A master-slave replication

A single Redis can carry QPS ranging from tens of thousands to tens of thousands. For caches, this is generally used to support high read concurrency. Therefore, the architecture is made into a master-slave architecture, with one master and many slaves. The master is responsible for writing and copying data to other slave nodes, and the slave nodes are responsible for reading. All read requests go from the node. In this way, it is also easy to achieve horizontal expansion and support high read concurrency.

Redis Replication -> Master/slave Architecture -> Read/write Separation -> Horizontal expansion supports high read concurrency

The core mechanism of Redis Replication

Redis replicates data to slave nodes asynchronously. However, starting from Redis2.8, slave nodes periodically confirm the amount of data they replicate each time.
A master node can be configured with multiple slave nodes.
Slave nodes can also connect to other slave nodes.
The slave node does not block the normal operation of the master node.
The slave node does not block its own query operation when performing replication. Instead, it uses the old data set to provide services. However, when the replication is complete, the old data set needs to be deleted and the new data set needs to be loaded. At this time, the external service will be suspended.
The slave node is used for horizontal capacity expansion and read/write separation. The expanded slave node improves read throughput.

Note that if you use a master/slave architecture, it is recommended to enable persistence for master nodes. It is not recommended to use slave nodes as data hot standby for master nodes, because then if you turn off persistence for master nodes, The data may be empty when the master is down and restarted, and may be lost as soon as the slave node is replicated.

In addition, the master of various backup schemes, also need to do. If all local files are lost, select an RDB from the backup to restore the master. This ensures that data is available at startup. Even with the high availability mechanism described later, the slave node can automatically take over the master node. However, it is also possible that the Master node automatically restarts before Sentinel detects a master failure, or that all slave node data on it may be wiped clean.

The core principles of Redis master-slave replication

When a slave node is started, it sends a PSYNC command to the master node.

If this is the first time that the slave node connects to the master node, a full resynchronization full replication is triggered. At this point, the master starts a background thread to generate a snapshot file of the RDB and cache all the new write commands received from the client. After the RDB file is generated, the master sends the RDB file to the slave. The slave first writes the RDB file to the local disk and then loads the RDB file from the local disk to the memory. The master then sends the write commands cached in the memory to the slave and the slave synchronizes the data. If the slave node is disconnected from the master node due to a network fault, the slave node automatically reconnects to the slave node. After the connection, the master node copies only the missing data to the slave node.

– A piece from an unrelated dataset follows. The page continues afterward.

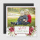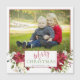 Belo vermelho-burgundy, creme e aquarela floral verde com letras de tipografia à mão palavras "Feliz Natal" Cartão de Férias Fotográficas. Adicione sua foto, seu nome e data neste feriado rústico, mas elegante, mantendo sua família e amigos amedrontados o ano todo.
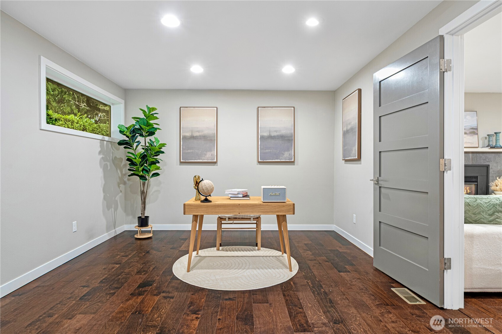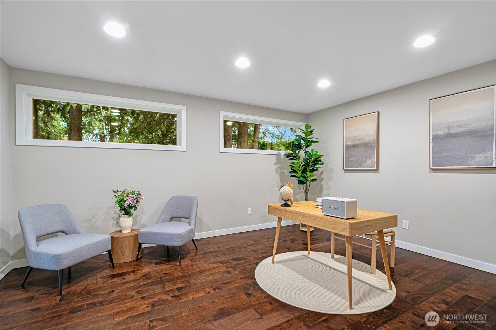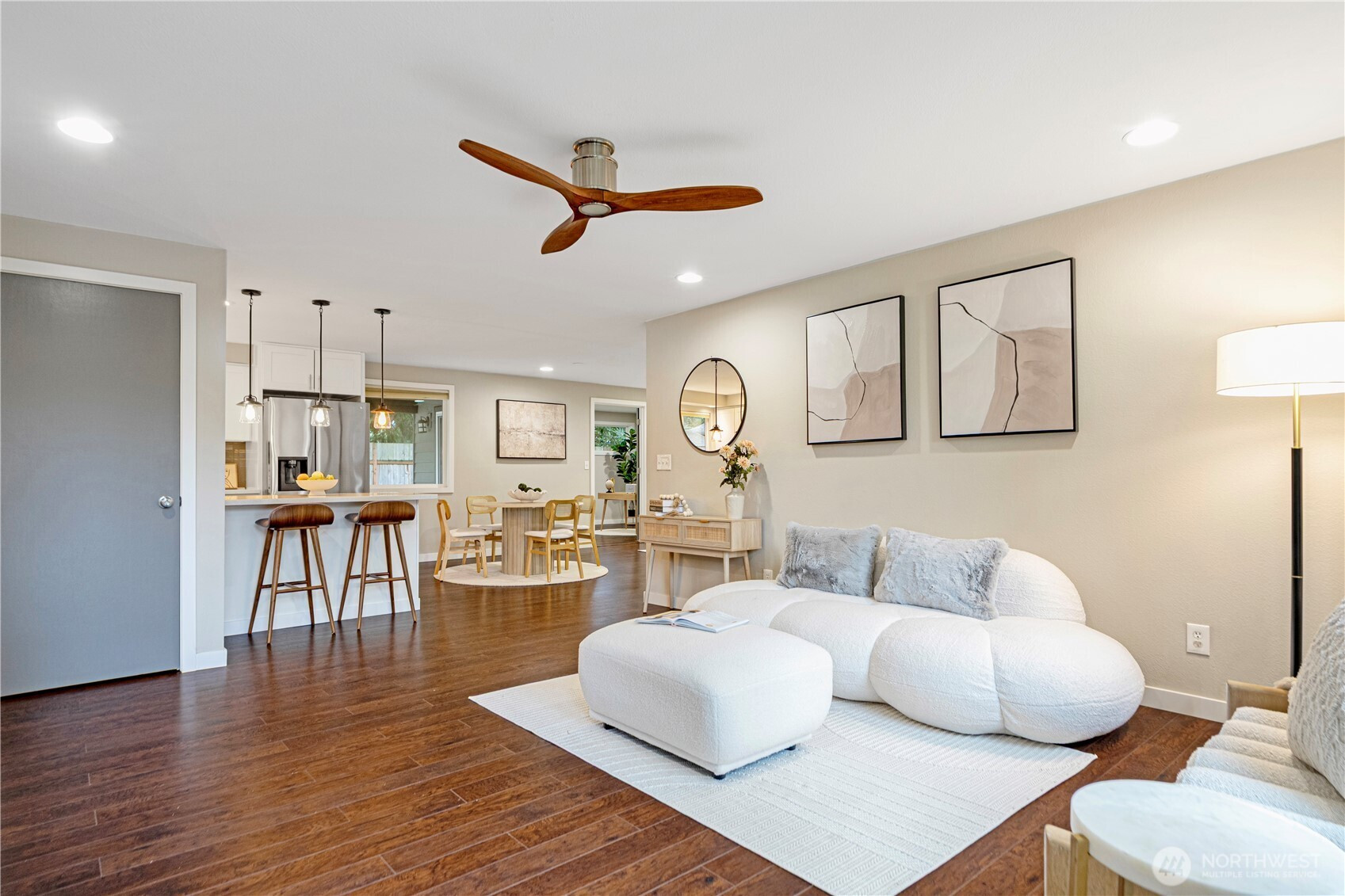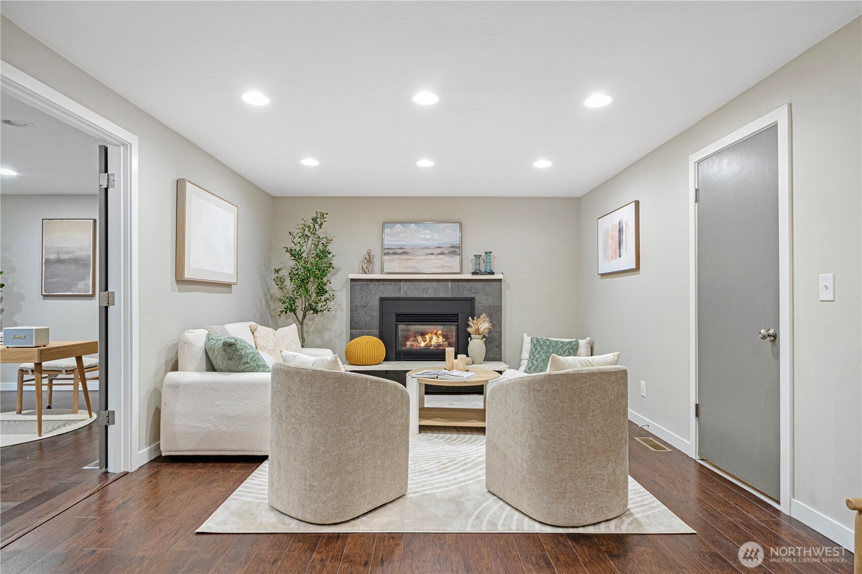 Location, location, location! Charming rambler in a fantastic Kirkland neighborhood! This move-in-ready home features fresh interior paint and a remodeled kitchen with white quartz countertops, glass-tile backsplash, shaker cabinets, and newer stainless-steel appliances. Enjoy two full bathrooms with designer tile and matching quartz counters. The family room showcases a tiled fireplace, creating a warm and inviting space. Additional upgrades include a permitted 4th room, central A/C, 2-car garage with EV charging. Amazing location: minutes to I-405, EvergreenHealth, Juanita Beach, and less than a mile to The Village at Totem Lake’s shopping and dining scene. Great Lake Washington School District, walking distance to the Park & Ride!

Breakpoint continuation for master/slave replication

Since Redis2.8, breakpoint continuation of master/slave replication is supported. If the network connection is down during master/slave replication, the replication can continue where the last replication was made, rather than starting from scratch.

Master nodes maintain a backlog in memory. Both master and slave nodes maintain a replica offset and a Master run ID. Offset is stored in the backlog. If the network connection between the master and slave breaks down, the slave asks the master to continue replication from the last replica offset. If no corresponding offset is found, a resynchronization operation is performed.

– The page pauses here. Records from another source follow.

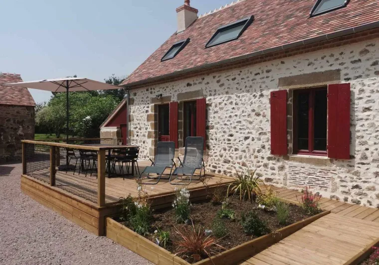 Le charme de l'ancien et le confort du moderne vous permettront dans ce gîte spacieux d'apprécier le bocage Bourbonnais avec vue sur les troupeaux charolais, tout en favorisant les retrouvailles familiales. Rez de chaussée : séjour spacieux avec cuisine à l'américaine, salle d'activités, salle d'eau (douche/WC), spa, chambre 1 labellisée tourisme et handicap (1 lit 2 pers.), salle d'eau (douche/wc privatifs). A l'étage chambre 2 (1 lit 2 personnes, 1 lit de 110, 1 lit bébé, 1 lit parapluie). Chambre 3 (2 lits de 80 jumeaux, 1 lit 1 pers). Chambre 4 : (1 lit de 120 et 1 lit 1 pers). Chambre 5 (2 lits de 80 jumeaux, 1 lit 1 pers).Localisation
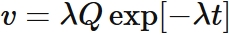 指数分布の確率密度関数に従って時間変化する。
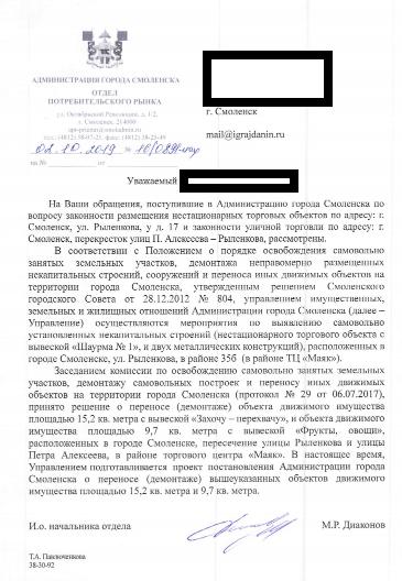 айГражданинОтправлено 12.07.2020: "Администрация города Смоленска"
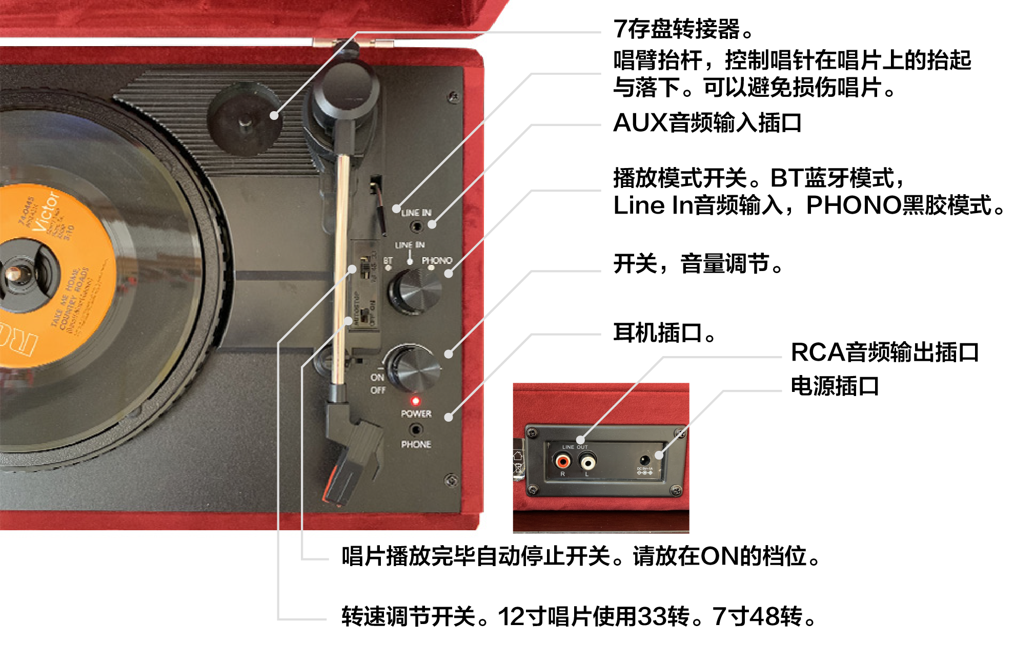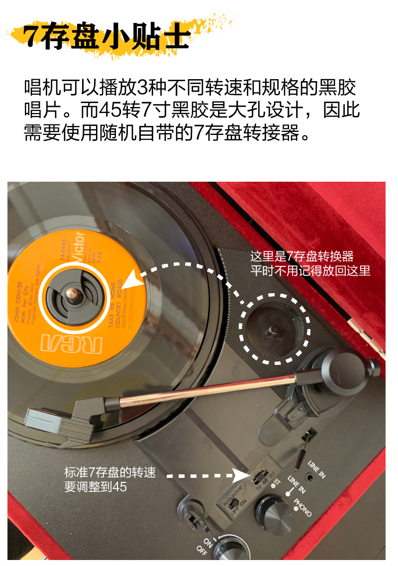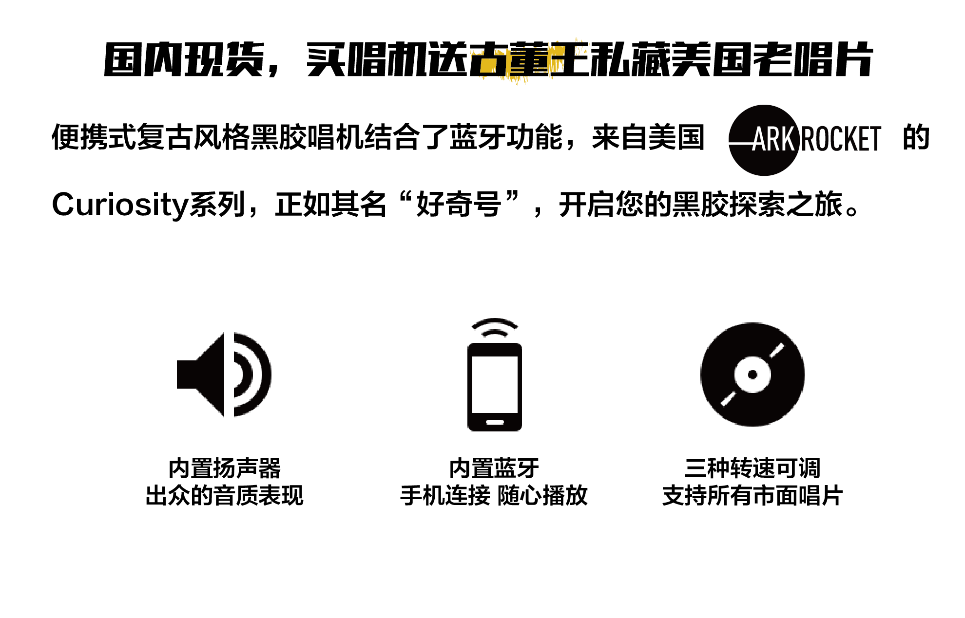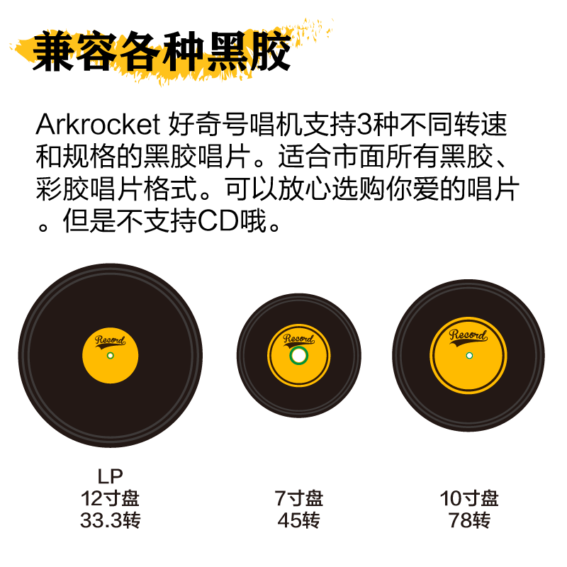 ARKROCKET Curiosity series retro Bluetooth vinyl record player suitcase audio gramophone vinyl record player American home black red
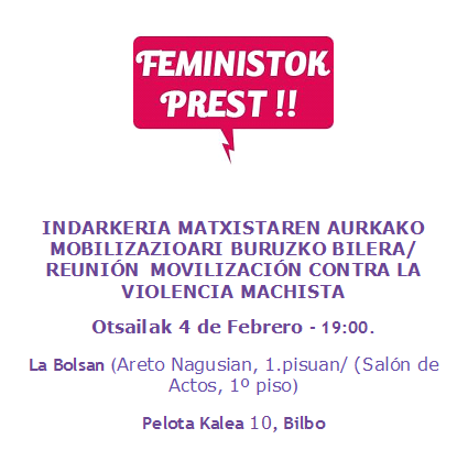 El lema de la movilización es Feministok prest! vuestras agresiones tendrán respuestas.
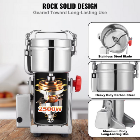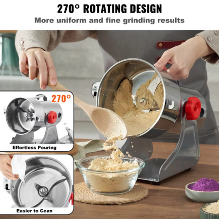 Stellen Sie sich vor... Sie investieren weniger Zeit und Mühe, um große Mengen an Körnern und Gewürzen auf die perfekte, gleichmäßige Größe zu mahlen. Kein manuelles Mahlen mehr; unsere leistungsstarke elektrische Mühle erledigt die Arbeit schnell und problemlos für Sie.
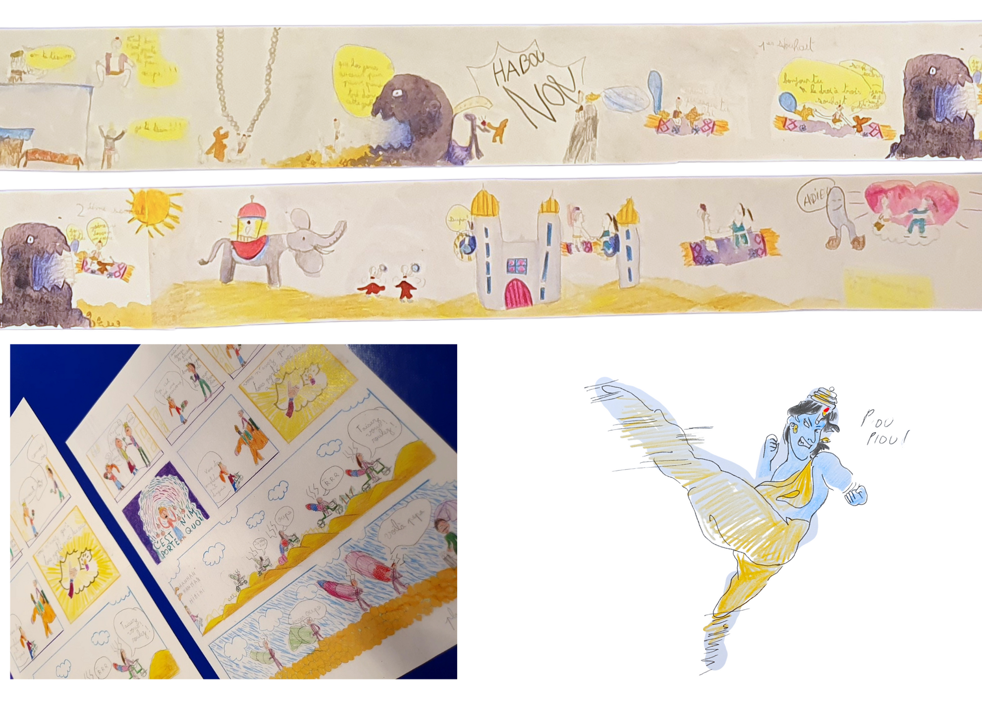 Au fil des séances, les enfants acquièrent les outils essentiels de la BD : chemin de fer, tracé des cases, rough, crayonné, encrage… Chaque étape compte pour construire des projets aboutis, cohérents — et surtout, des réalisations dont ils sont vraiment fiers !

Locating the master node based on host+ IP is unreliable. If the master node restarts or data changes, the slave nodes should be distinguished based on different RUN ids.

Diskless replication

The master creates the RDB in memory and sends it to the slave instead of landing on its own disk. Simply enable repl-diskless-sync yes in the configuration file.

Repl-diskless-sync yes # Wait 5s before starting the replication, because more slaves need to reconnect to repl-diskless-sync-delay 5Copy the code

Handling expired Keys

The slave does not wait for the master key to expire. If the master expires a key or discards a key via the LRU, a del command is emulated and sent to the slave.

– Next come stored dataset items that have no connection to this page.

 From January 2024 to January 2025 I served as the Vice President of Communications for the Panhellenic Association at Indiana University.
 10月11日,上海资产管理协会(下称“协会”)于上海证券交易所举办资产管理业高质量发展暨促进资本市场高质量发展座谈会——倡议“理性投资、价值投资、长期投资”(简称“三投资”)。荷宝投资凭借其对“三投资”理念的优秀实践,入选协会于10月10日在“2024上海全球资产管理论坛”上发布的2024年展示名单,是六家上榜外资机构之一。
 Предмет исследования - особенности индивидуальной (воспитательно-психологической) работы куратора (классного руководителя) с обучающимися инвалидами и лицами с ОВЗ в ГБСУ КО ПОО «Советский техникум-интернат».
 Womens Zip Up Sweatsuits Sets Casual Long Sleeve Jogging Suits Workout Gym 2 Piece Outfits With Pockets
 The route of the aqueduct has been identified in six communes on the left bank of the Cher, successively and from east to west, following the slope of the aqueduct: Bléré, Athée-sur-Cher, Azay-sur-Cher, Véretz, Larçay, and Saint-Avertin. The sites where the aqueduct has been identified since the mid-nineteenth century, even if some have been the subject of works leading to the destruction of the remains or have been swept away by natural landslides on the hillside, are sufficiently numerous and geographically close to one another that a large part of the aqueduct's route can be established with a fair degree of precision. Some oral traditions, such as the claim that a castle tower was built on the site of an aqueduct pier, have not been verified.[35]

The complete process of replication

When the slave node starts, it saves the master node information, including the host and IP address of the master node, but the replication process does not start.

The slave node has a scheduled task that checks every second to see if there are new master nodes to be connected and replicated. If so, the slave node establishes socket connections with the master node. The slave node then sends the ping command to the master node. If master has requirePass set, slave node must send masterauth’s password for authentication. The master node performs full replication for the first time and sends all data to the slave node. Later, the master node asynchronously copies the write command to the slave node.

Full amount of copy

Master performs bgSave to generate an RDB snapshot file locally.
The master node sends the RDB snapshot file to the slave node. If the RDB replication time exceeds 60 seconds (Repl-timeout), the slave node considers that the replication fails. You can adjust this parameter appropriately. Generally 100MB, 6GB file transfer per second, probably more than 60 seconds)
When the master node generates an RDB, it caches all new write commands to the memory. After the master node saves the RDB, the master node copies the new write commands to the slave node.
If memory buffer consumption exceeds 64MB continuously during the replication or exceeds 256MB at a time, the replication is stopped and the replication fails.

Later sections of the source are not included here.